- [Work task] Only the text of the entries below should appear in your exact transcription; leave out every picture.

START Given data

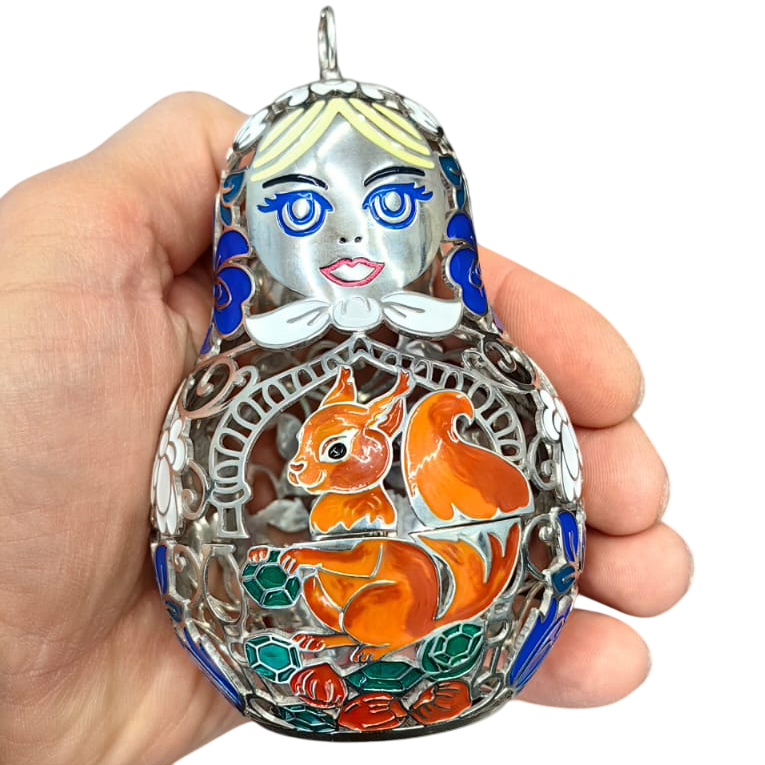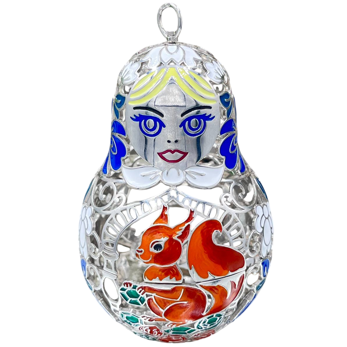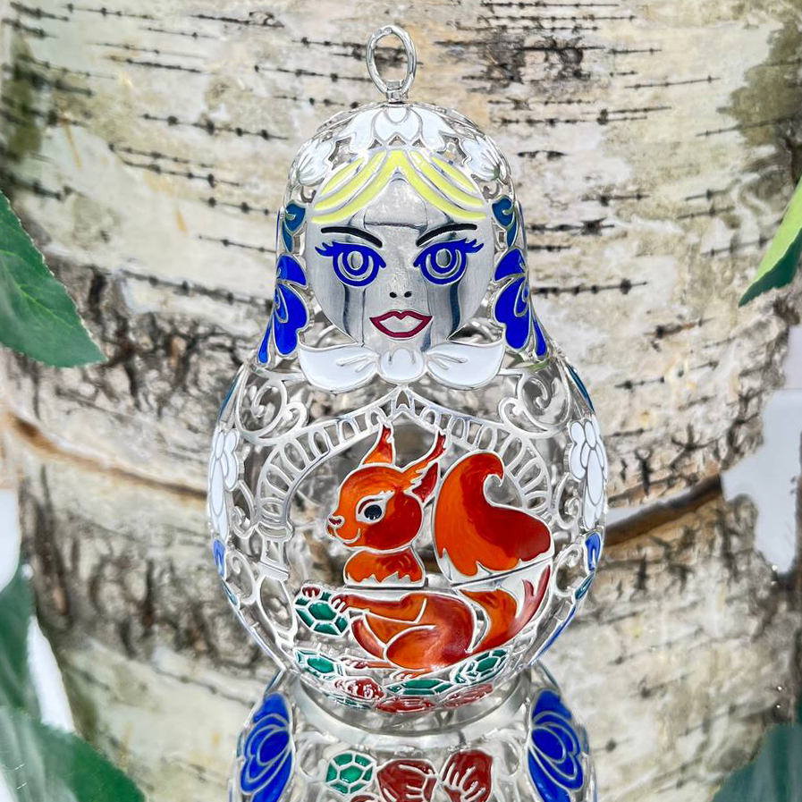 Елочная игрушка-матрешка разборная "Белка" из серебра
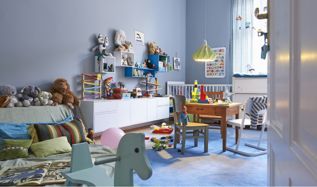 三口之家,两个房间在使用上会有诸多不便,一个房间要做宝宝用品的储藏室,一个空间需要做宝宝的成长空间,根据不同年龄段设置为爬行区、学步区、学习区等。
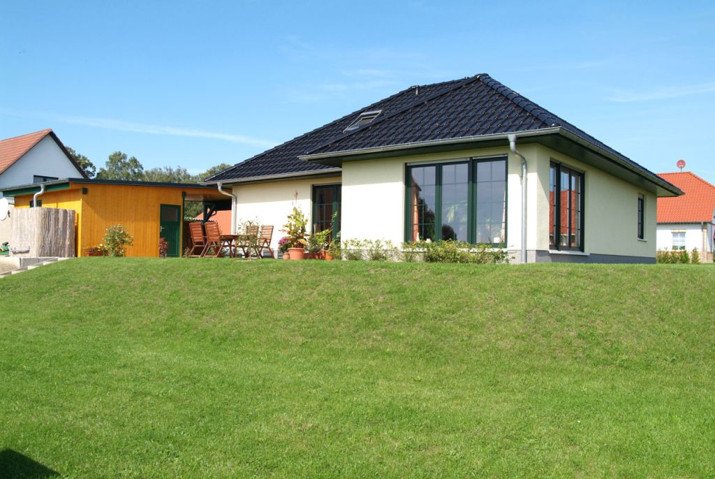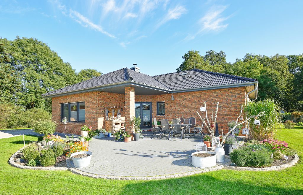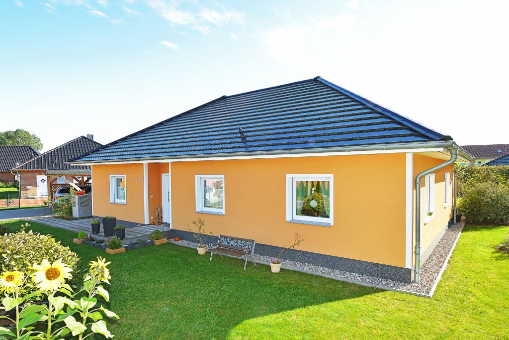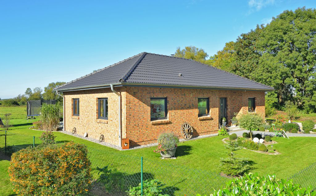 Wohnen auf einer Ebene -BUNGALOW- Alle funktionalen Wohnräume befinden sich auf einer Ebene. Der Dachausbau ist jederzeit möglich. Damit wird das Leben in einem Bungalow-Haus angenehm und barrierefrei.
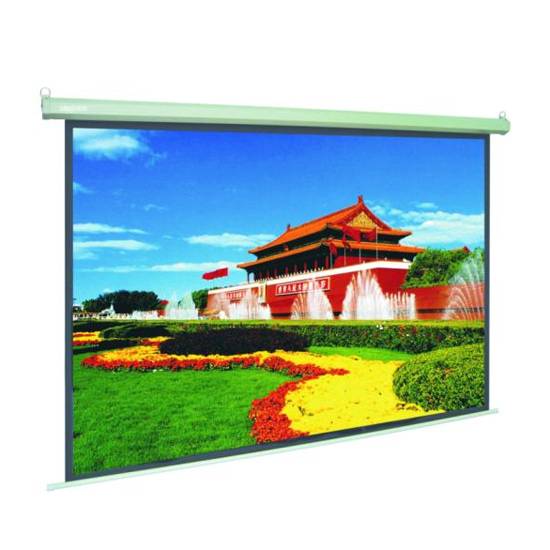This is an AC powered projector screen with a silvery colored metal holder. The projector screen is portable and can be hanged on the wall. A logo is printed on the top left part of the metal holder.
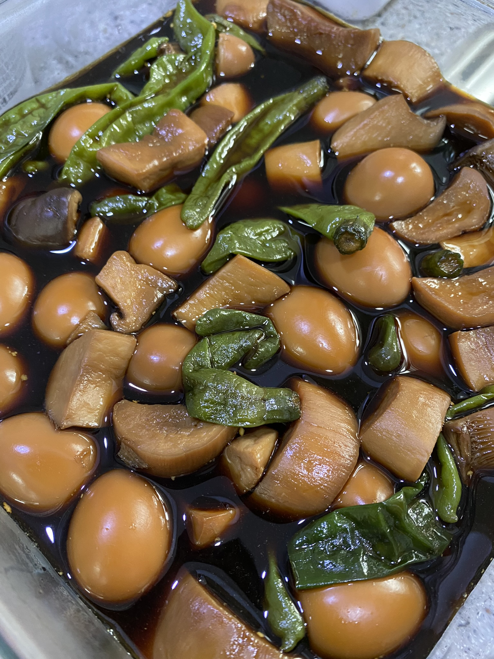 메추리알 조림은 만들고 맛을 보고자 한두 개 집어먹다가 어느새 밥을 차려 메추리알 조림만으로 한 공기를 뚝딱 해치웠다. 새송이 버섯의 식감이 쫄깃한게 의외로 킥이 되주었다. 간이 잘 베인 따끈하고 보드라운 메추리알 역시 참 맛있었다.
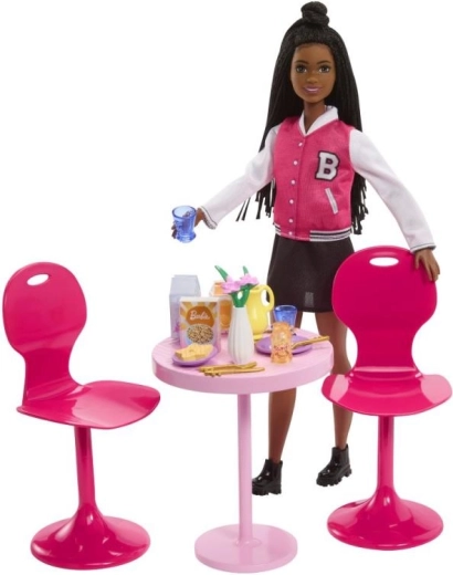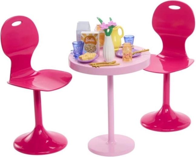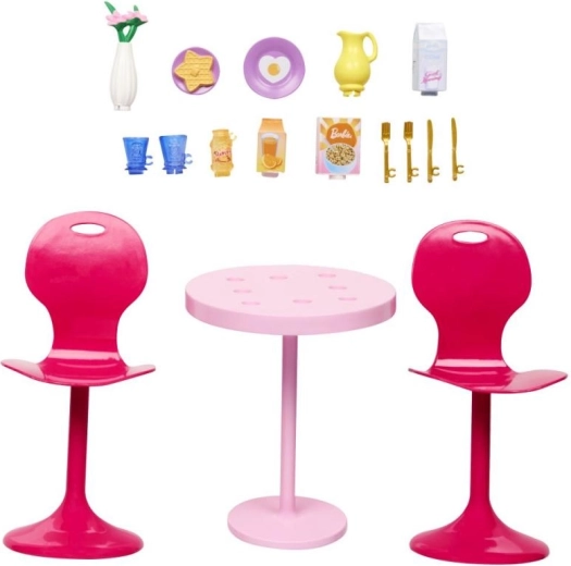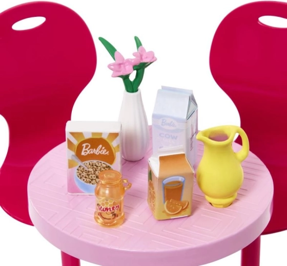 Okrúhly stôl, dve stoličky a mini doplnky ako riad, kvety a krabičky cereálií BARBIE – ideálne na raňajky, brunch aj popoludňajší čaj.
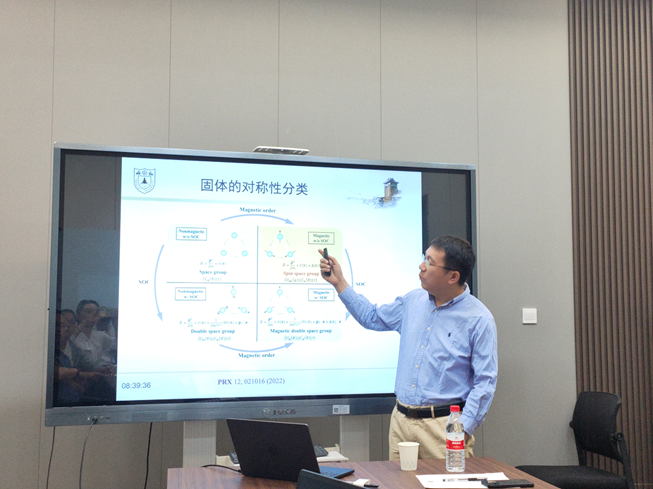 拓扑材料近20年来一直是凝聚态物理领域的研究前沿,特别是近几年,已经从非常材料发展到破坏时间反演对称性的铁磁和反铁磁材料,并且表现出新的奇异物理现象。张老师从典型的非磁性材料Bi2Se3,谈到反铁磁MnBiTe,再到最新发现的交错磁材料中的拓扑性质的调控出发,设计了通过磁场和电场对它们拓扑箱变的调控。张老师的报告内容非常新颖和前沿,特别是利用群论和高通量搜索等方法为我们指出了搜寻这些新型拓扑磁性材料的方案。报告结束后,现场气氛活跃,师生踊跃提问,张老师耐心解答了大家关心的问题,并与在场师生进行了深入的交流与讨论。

END Given data

- [Solution for this task]
 Елочная игрушка-матрешка разборная "Белка" из серебра
 三口之家,两个房间在使用上会有诸多不便,一个房间要做宝宝用品的储藏室,一个空间需要做宝宝的成长空间,根据不同年龄段设置为爬行区、学步区、学习区等。
 Wohnen auf einer Ebene -BUNGALOW- Alle funktionalen Wohnräume befinden sich auf einer Ebene. Der Dachausbau ist jederzeit möglich. Damit wird das Leben in einem Bungalow-Haus angenehm und barrierefrei.
This is an AC powered projector screen with a silvery colored metal holder. The projector screen is portable and can be hanged on the wall. A logo is printed on the top left part of the metal holder.
 메추리알 조림은 만들고 맛을 보고자 한두 개 집어먹다가 어느새 밥을 차려 메추리알 조림만으로 한 공기를 뚝딱 해치웠다. 새송이 버섯의 식감이 쫄깃한게 의외로 킥이 되주었다. 간이 잘 베인 따끈하고 보드라운 메추리알 역시 참 맛있었다.
 Okrúhly stôl, dve stoličky a mini doplnky ako riad, kvety a krabičky cereálií BARBIE – ideálne na raňajky, brunch aj popoludňajší čaj.
 拓扑材料近20年来一直是凝聚态物理领域的研究前沿,特别是近几年,已经从非常材料发展到破坏时间反演对称性的铁磁和反铁磁材料,并且表现出新的奇异物理现象。张老师从典型的非磁性材料Bi2Se3,谈到反铁磁MnBiTe,再到最新发现的交错磁材料中的拓扑性质的调控出发,设计了通过磁场和电场对它们拓扑箱变的调控。张老师的报告内容非常新颖和前沿,特别是利用群论和高通量搜索等方法为我们指出了搜寻这些新型拓扑磁性材料的方案。报告结束后,现场气氛活跃,师生踊跃提问,张老师耐心解答了大家关心的问题,并与在场师生进行了深入的交流与讨论。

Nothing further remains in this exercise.